Narayan Jain, LL.M., Advocate
Govt has also issued a press release regarding above issue which is reproduced hereunder
Provision regarding taxability of any Gift-in-kind, value of which exceeds Rupees Fifty Thousand
Press Release No. 402/92/2006-MC (21 of 2009), dated 30-9-2009
The Income Tax Act 1961 (the Act) has been amended with effect from 1st October 2009 to provide that any gift-in-kind, being an immovable property or any other property, the value of which exceeds Rs.50,000 (rupees fifty thousand), will become taxable in the hands of the donee, being an individual or a Hindu Undivided Family (HUF), as income from other sources under clause (vii) of sub-section 2 of section 56 of the Act. Therefore, any such person who receives a gift of any such property on or after 1st October 2009 must pay the income tax due on the value of the gift and disclose the taxable value of such property in the return of income for assessment year 2010-11 and subsequent years.

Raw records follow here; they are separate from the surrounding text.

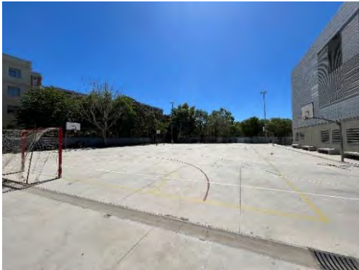
IV. Pati exterior del Bisbe Berenguer
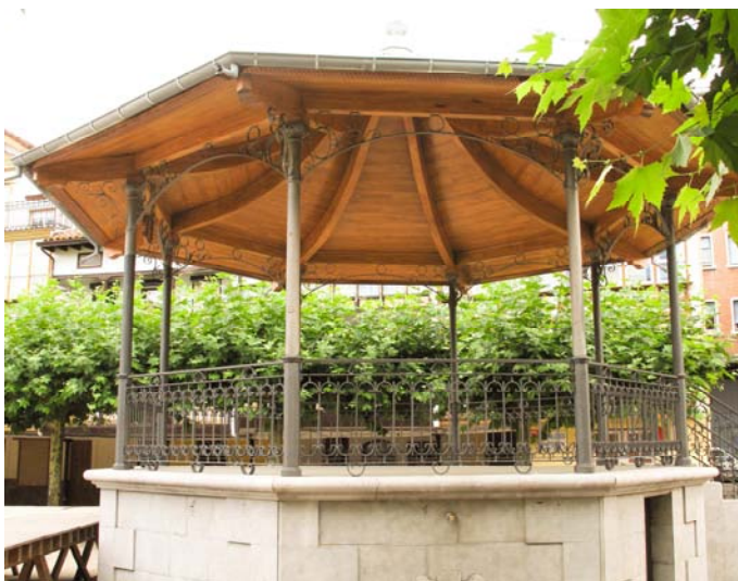
Structure en chêne lamellé collé Panneaux isolants Sapolis® avec sous-face chêne Kiosque - Espagne

Nous travaillons régulièrement des bois performants comme l'épicéa ou le pin mais pour des ouvrages plus prestigieux nous sélectionnons des essences nobles telles que le chêne, le hêtre, le frêne, le châtaignier ou le red cedar.
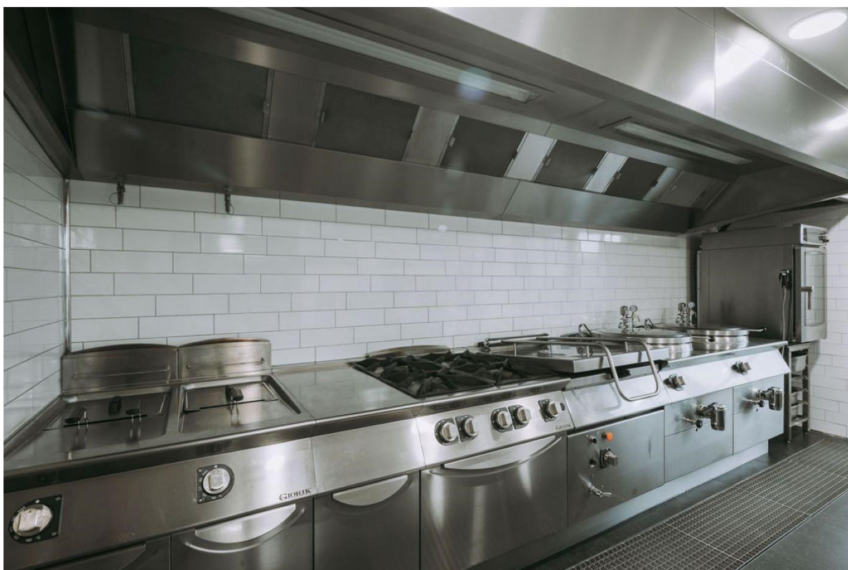
De perfect uitgeruste keuken!
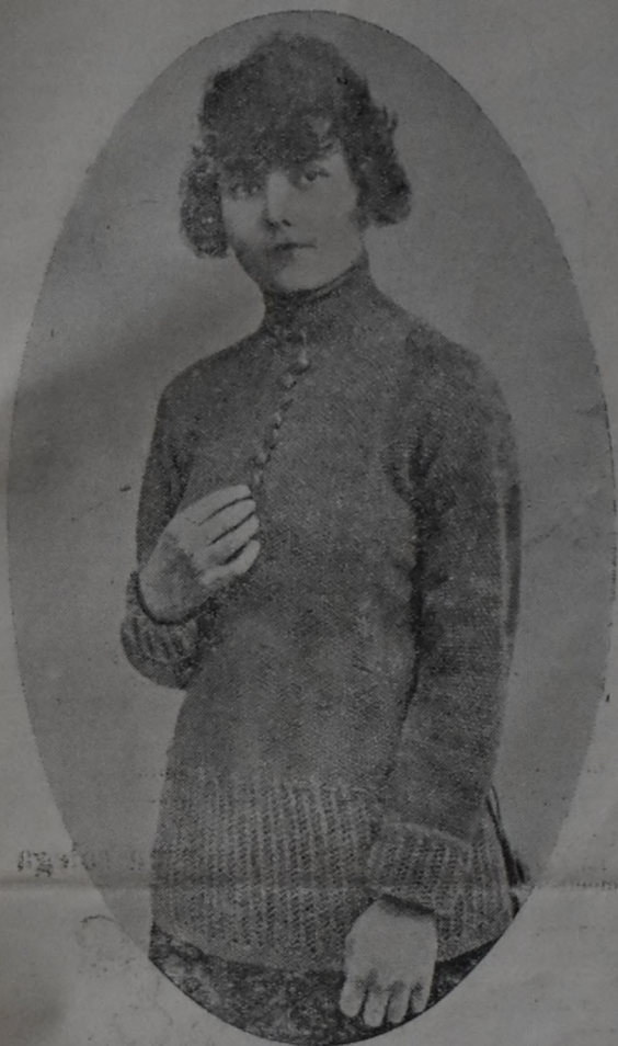
Li ndo sweater de lana en punto jersey con faldeta y boca-manga caladas. Queda muy bonito en colores, blanco, beige y camello.
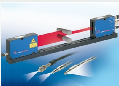
Optische Mikrometer, Lichtleiter, Mess- und Prüfverstärker
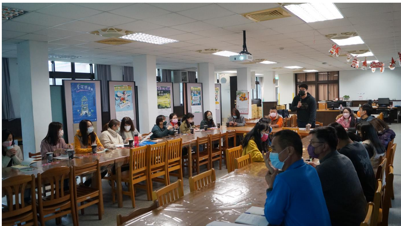
校長感謝老師對學生健康體位計畫的執行
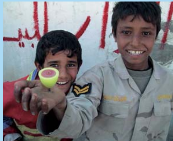
CIMIC ser ud til at blive den enhedstype, der fremover forbinder udenrigs- og forsvarspolitikken i Danmark. I løbet af den kommende forligsperiode skal enhedens nærmere størrelse og opgaver evalueres og forventeligt udbygges.

udførelse af CIMIC-aktiviteter. Enheden kan samtidigt afgive op til tre CIMIC-elementer og kan opretholde en kapacitet svarende til ét CIMIC-element i ét missionsområde (pt. Irak). Enheden er på 14/30 dages beredskab.
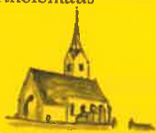
St. Salvator, Hl. Dreifaltigkeit
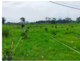
Pengaplikasian Pupuk Cair
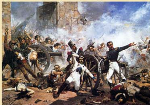
Defensa del Parque de Artillería de Monteleón. Joaquin Sorolla

La ocupación de la Península Ibérica por los Ejércitos de Napoleón daría lugar a la Guerra de la Independencia de 1808 a 1814. España fue el escenario de la primera derrota del ejército imperial francés.
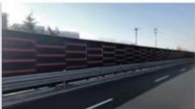
山东淄博服务区声屏障
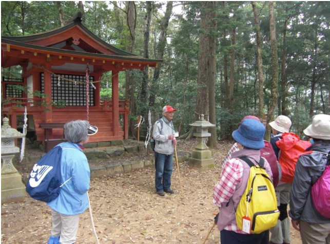
地元の語り部がご案内

超過手荷物料金 クリーニング代、電報・電話代、心づけ、追加飲食等の個人的性質の諸費用 お一人部屋追加料金 集合・解散地までの交通費・宿泊費 傷害、疾病等に関する医療費、任意の旅行傷害保険料
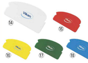
ヴァイカン オリジナルスクレーパー
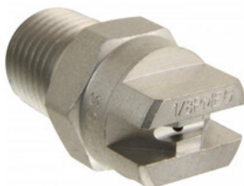
Vysokotlaká tryska plochá 1/8" 25035 (400bar)
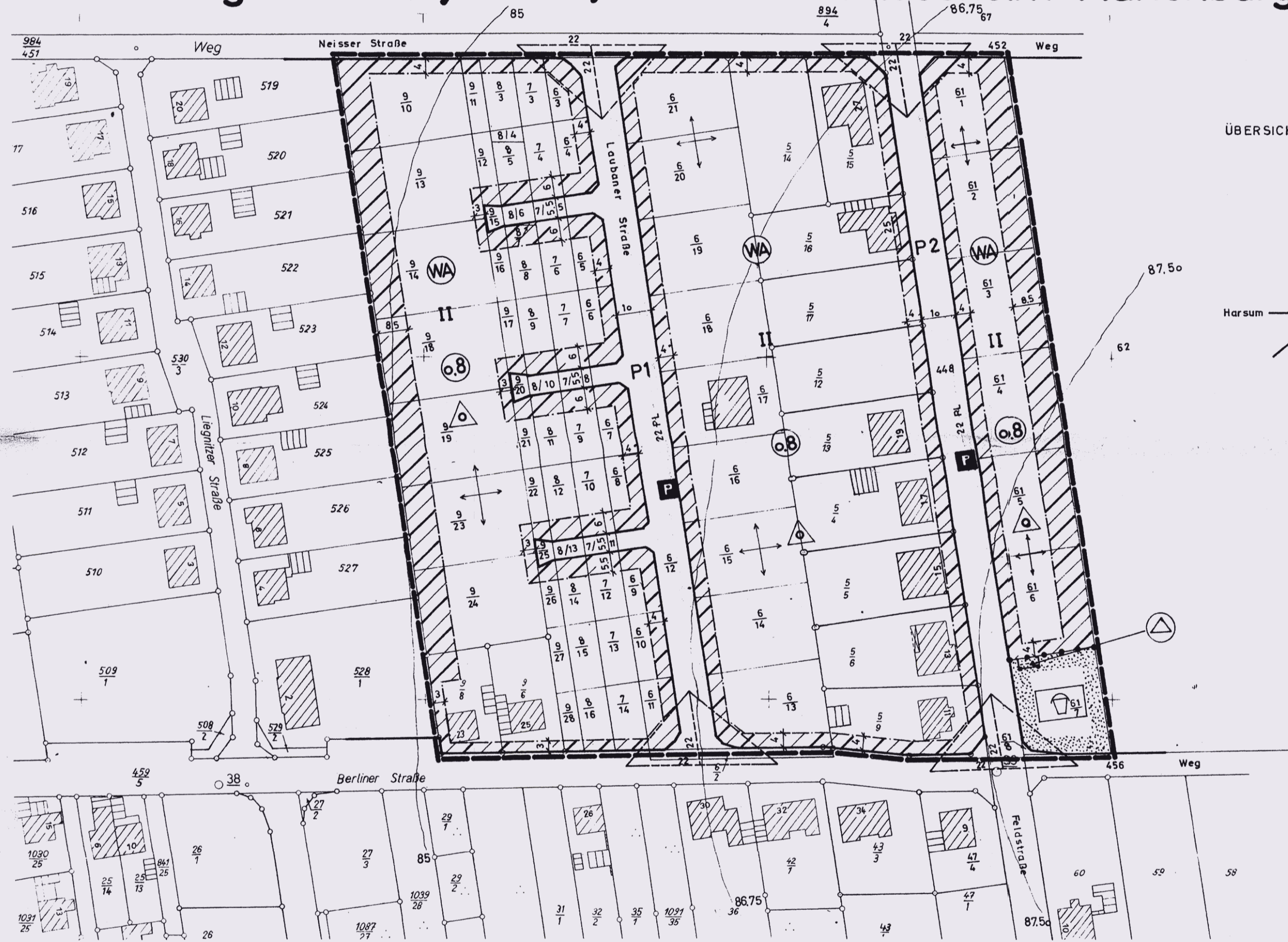
ÜBERSICHT M. 1:25000
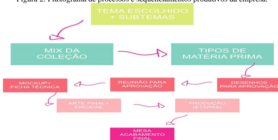
Figura 2: Fluxograma de processos e sequenciamentos produtivos da empresa.

As etapas de criação e o resultado final da estruturação das coleções podem ser observados nas representações visuais dos processos e do desenvolvimento de produtos de moda ( Figuras 2, 3 e 4 ).
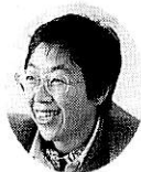
福平先生 編集委員
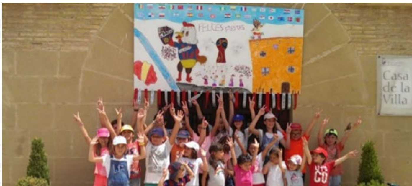
Foto cartel año 2018, realizado por los niños de la escuela de verano.

13:00. COLOCACIÓN DEL CARTEL DE FIESTAS EN EL AYUNTAMIENTO REALIZADO POR TODOS LOS NIÑOS Y NIÑAS DE LA ESCUELA DE VERANO.
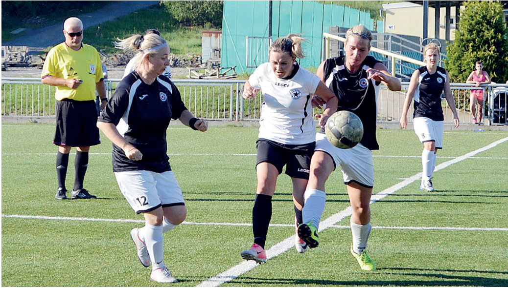
Jeden ze zápasů jarní části soutěže, kde fotbalistky společného týmu bojovaly o mistrovské body.

Sdružený tým fotbalových žen FK Baník Souš a SK Ervěnice-Jirkov zvládl i jarní část soutěže nad očekávání a stal se vítězem divizní skupiny A.

The following types of gifts will, however, not be subject to tax, i.e. gifts (a) from a person who is a relative; (b) on the occasion of marriage of the individual; (c) under a will or by way of inheritance; (d) in contemplation of death of the donor; (e) from any local authority as defined in the Explanation to section 10(20) of the Act; (f) from any fund or trust established under section 10(23C) of the Act; (g) from any trust or institution registered under section 12AA of the Act.
Relative is defined in the Act as (i) spouse; (ii) brother or sister; (iii) brother or sister of the spouse; (iv) brother or sister of either of the parents; (v) any lineal ascendant or descendant; (vi) spouse of any of the relative at clauses (ii) to (v); of the individual. Gifts received from these relatives will not be subject to tax.
Earlier cash gifts exceeding Rs.25,000 were subject to tax with effect from 1st April 2004. Later the Act was amended with effect from 1st April 2006 to tax all cash gifts having aggregate value exceeding Rs.50,000. Cash gifts also enjoy exemptions as is available for gifts-in-kind.